Gretzky gets first Oilers penalty

If Lowe was an unlikely choice to score the first NHL goal in Oilers history, the first Edmonton player to be penalized is equally one of the most unlikely. Gretzky, the NHL's all-time scoring leader, took the first penalty in Oilers history when he was called for slashing at 5:19 of the first period in Edmonton's debut game against the Blackhawks. He later assisted on Lowe's goal for the first of his 2,857 NHL points, though the Oilers lost the game 4-2. Gretzky finished his NHL career with 577 penalty minutes (an average of less than 29 per season during his 20-year career) and won the Lady Byng Trophy for his combination of skill and clean play five times.


Red Wings were goalie factory

From the 1940s through the early 1960s, the Detroit Red excelled at churning out top-flight goalies. Johnny Mowers helped the Red Wings reach the 1942 Stanley Cup Final, then was a First-Team All-Star and Vezina Trophy winner the following season. He was followed by Harry Lumley, Terry Sawchuk, Glenn Hall, Sawchuk again and Roger Crozier. Lumley, Sawchuk and Hall are all members of the Hall of Fame.


Blackhawks first to pull goalie

The idea of pulling a goalie in favor of a sixth skater is almost 80 years old. On March 16, 1941 the Black Hawks (then two words) did it when coach Paul Thompson replaced goalie Sam LoPresti with an extra attacker; it was the first time that tactic was employed in an NHL game. The only problem for Thompson and the Blackhawks was that it didn't work; the Toronto Maple Leafs won the game 3-0.

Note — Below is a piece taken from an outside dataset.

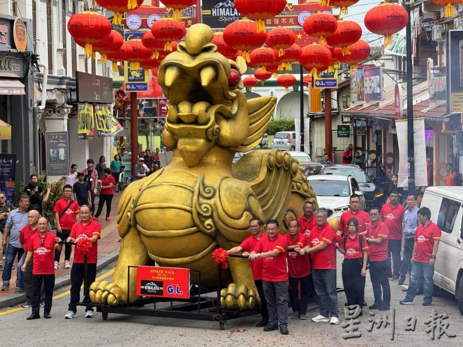 (马六甲16日讯)马六甲鸡场街文化坊乙巳蛇年吉祥物“发财貔貅”今日热闹升空,威武坐镇鸡场街路口,并荣获《东盟纪录》颁发东盟国家最大户外貔貅塑像(以高密度聚苯乙烯制成)的认证荣誉!

Guidolin led wartime youth movement

NHL teams had their rosters decimated after the United States entered World War II, so they had to look for players who were too old or too young to join the military. The youngest of these was Bep Guidolin, a 16-year-old forward from Thorold, Ontario, who made his NHL debut with the Boston Bruins on Nov. 12, 1942. He turned 17 a few weeks later and finished the season with 22 points (seven goals, 15 assists) in 42 games. Guidolin played nine seasons in the League and later coached the Bruins and Kansas City Scouts; he's still the youngest player to skate in an NHL game.


He's No. 2

Any hockey fan worth his weight in pucks knows that Jacques Plante of the Montreal Canadiens was the first goalie to wear a face mask on a full-time basis. It didn't take long for other goalies to follow suit. The second goalie to wear a mask was Don Simmons of the Boston Bruins. Simmons later played on three Stanley Cup-winning teams with the Toronto Maple Leafs, finished his NHL career with the New York Rangers in 1969 and went on to post-career success as the founder of Don Simmons Sports, an Ontario business that specialized in goalie equipment.

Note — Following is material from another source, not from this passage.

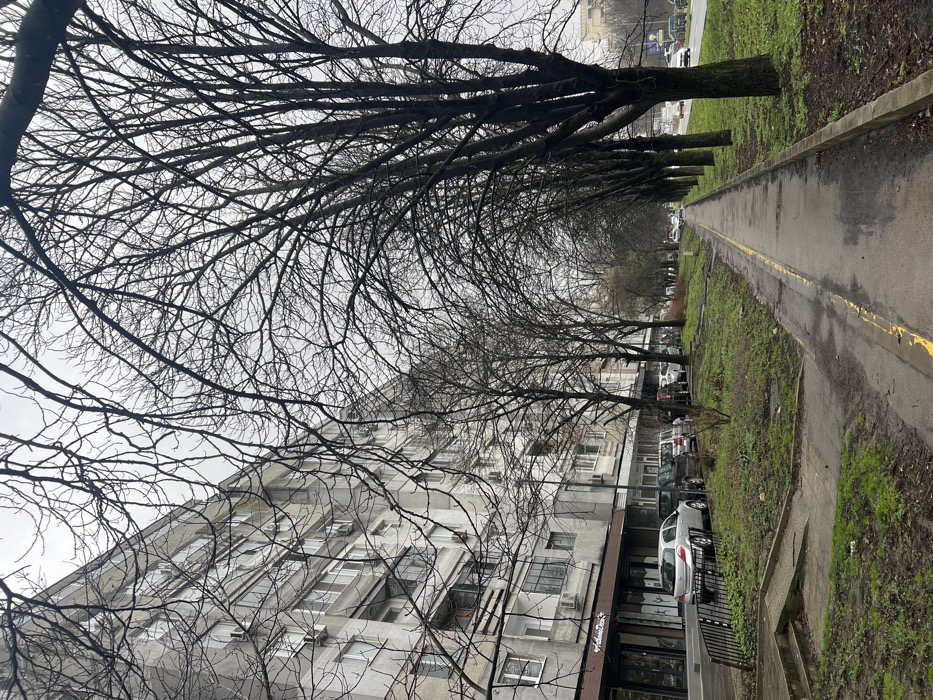 An urban street scene in Varna, Bulgaria, specifically on Tsar Osvoboditel Blvd, near building number 27. The photograph depicts an overcast daytime environment, characteristic of late autumn or winter, indicated by the bare deciduous trees. To the left, a multi-story, concrete residential building, approximately eight stories high, features numerous windows and several external air conditioning units. The ground floor houses commercial establishments with dark window facades, one prominently displaying a sign that reads "Adam&Eve." Parked parallel to the curb in front of these shops are several vehicles, including a silver Opel Astra hatchback in the foreground, followed by a dark SUV and other sedans. In the middle ground, a narrow, unkempt grassy median strip separates the parked vehicles from a wide pedestrian sidewalk. This median contains patches of sparse green grass, bare earth, and small shrubs. A row of bare, dark-branched deciduous trees lines the median, their intricate branches extending into the upper portion of the frame, partially obscuring the sky and upper floors of the building. The concrete sidewalk, showing signs of wear and dirt, extends into the distance, marked by a faded yellow line along its inner edge. In the immediate foreground, a small set of concrete steps and a black metal railing are visible, descending from the sidewalk to a lower, muddy area. To the right of the sidewalk and tree-lined median, a multi-lane asphalt road is present, with several vehicles in motion, indicating active traffic flow. No individuals are clearly visible within the scene.

Red Wings pioneer season tickets

Today's fans take the idea of season tickets for granted. But no team in any major pro sport sold season tickets until the Red Wings got the idea for the 1930-31 season. They offered Detroit fans a season-ticket plan that provided the option of paying for their seats in five monthly installments. At the time, no other team could make that statement.